Why an eating disorder is for life and not just for Christmas.

Eating disorders have very poor outcomes and even if you recover there may be long-term health consequences of which you were unaware.

The statistics are unreliable and tend to focus on those who have had in-patient treatment – not the many, many people who may be unable or unwilling to access medical help.

It is estimated that half of young sufferers are cured. For others the condition persists for decades as a long-lasting behaviour making the body less resilient to other medical problems.

A proportion will be cured then relapse during times of stress. And another group will develop eating disorders later in life.

So even if you start eating normally what are the physical consequences of eating disorders?

The main risk is osteoporosis – as bone density is not built up in the younger years.
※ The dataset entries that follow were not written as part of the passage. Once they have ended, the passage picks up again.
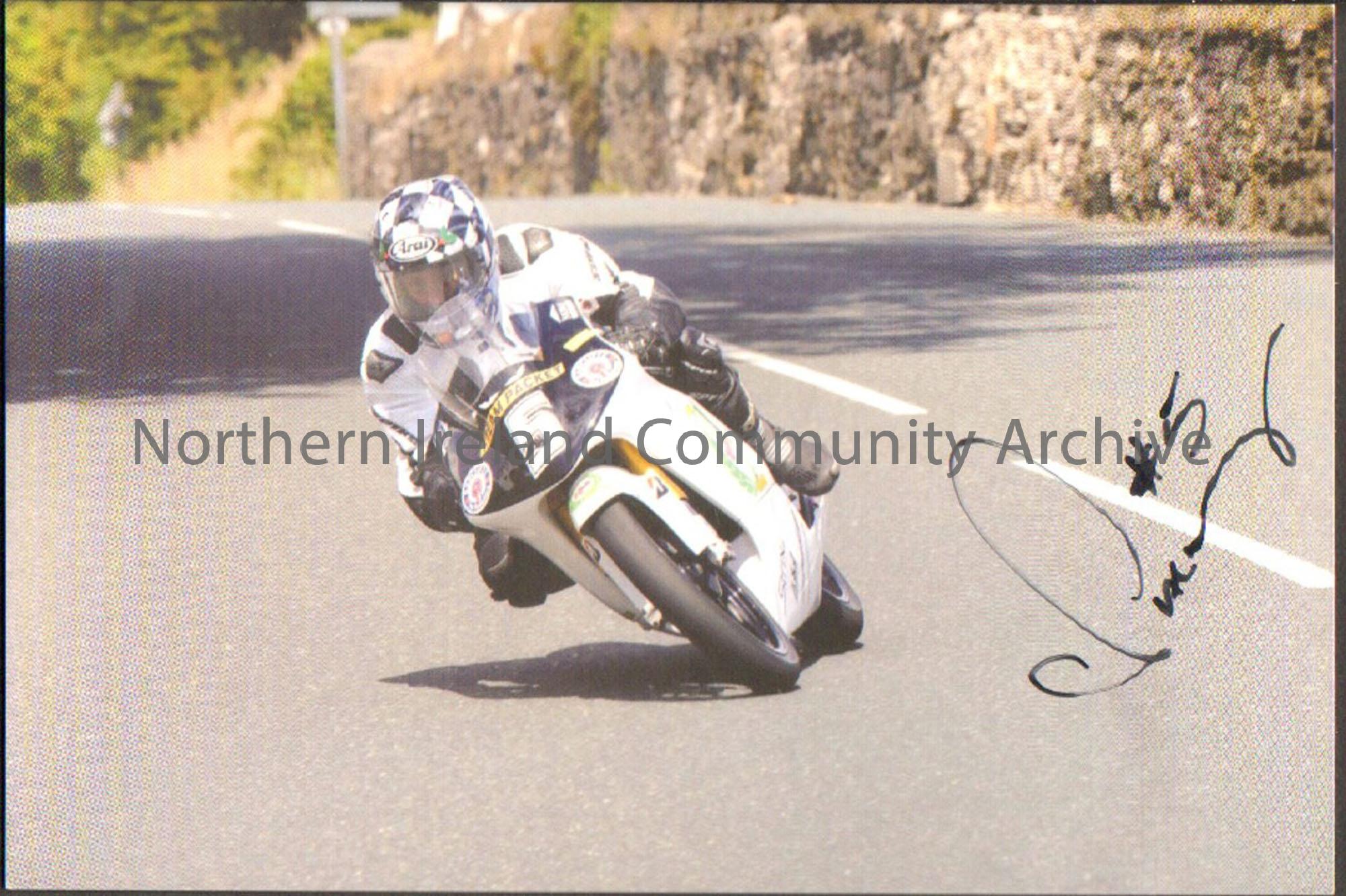 Signed photograph of Chris Palmer riding a black and white motorbike with number 5 on the front and wearing black and white leathers on a wide road wi…
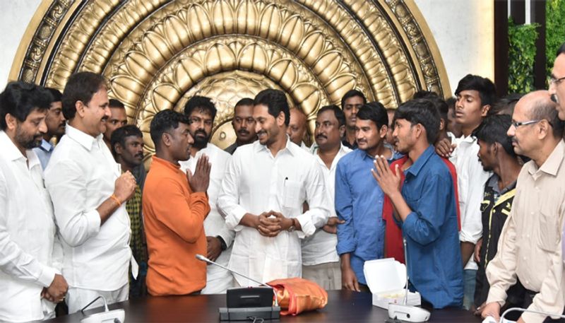 అమరావతి: పాక్ జైలు నుంచి మంగళవారం విడుదలైన ఆంధ్ర ప్రదేశ్ కు చెందిన మత్స్యకారులు బుధవారం ఉదయం ముఖ్యమంత్రి వైఎస్ జగన్ ను కలుసుకున్నారు.
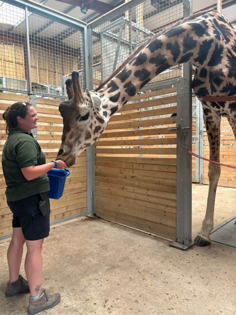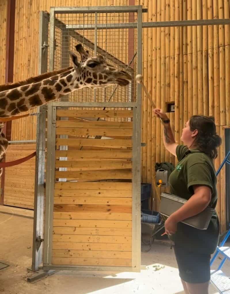 Animal training is my favourite part of the job, especially with the giraffes. It’s an essential part of their care; allowing us to provide them with more hands-on procedures to be proactive in diagnosing any issues that may occur with their health, in a voluntary way.
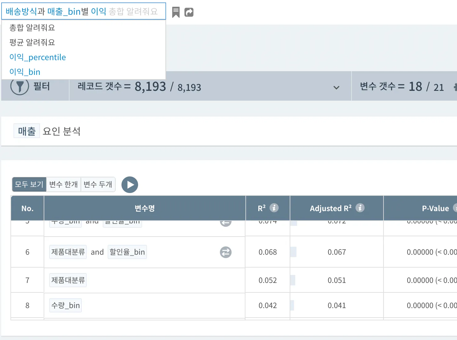 가설없이 분석한 결과를 통계적으로 유의미하고 KPI에 큰 영향을 미치는 요인 순으로 제공하여 이용자가 익숙한 관점과 시각으로만 데이터를 보는 한계를 보완할 수 있습니다.

For post-menopausal women this means an increasing danger of fractures and consequent hospitalisation.

Basically you are starting from a lower level and will be losing bone density quicker than others.

Amenorrhoea – loss of periods – means lower oestrogen which also protects your heart. Meaning that you can be skinny with a diet very low in fat and be diagnosed with high cholesterol – which is both surprising and deeply annoying! This means you are at a higher risk of heart disease – particularly if you have also been controlling your appetite through smoking.

If your reproductive health does survive an eating disorder – your baby will use all your nutritional reserves – but be at risk of low weight or miscarriage. As the mother you can experience hair and tooth loss, if you are continuing to restrict your diet.

And how about your poor brain? You will probably have already experienced problems in concentration and cognitive function – fuzzy thinking. But you may have also lost brain matter – which cannot be replaced.

So what to do if you are in recovery and are only now beginning to realise the damage you have done to your body. First – please don’t beat yourself up – you have probably done more than enough of that.

Second – be completely honest with your medical professionals – they may not understand, this may be the first time they have encountered this behaviour – remember they are specialists – a cardiologist knows about the heart, not the psyche.

But what you really need to do is look after yourself – physically and mentally – do what the medics tell you – this may mean a regime of pills and certainly trying to eat different foods. It also means sleeping well and exercising – not hours in the gym – but just living a healthier life. You may not be able to heal the damage, but you can build a healthier body and a happier life.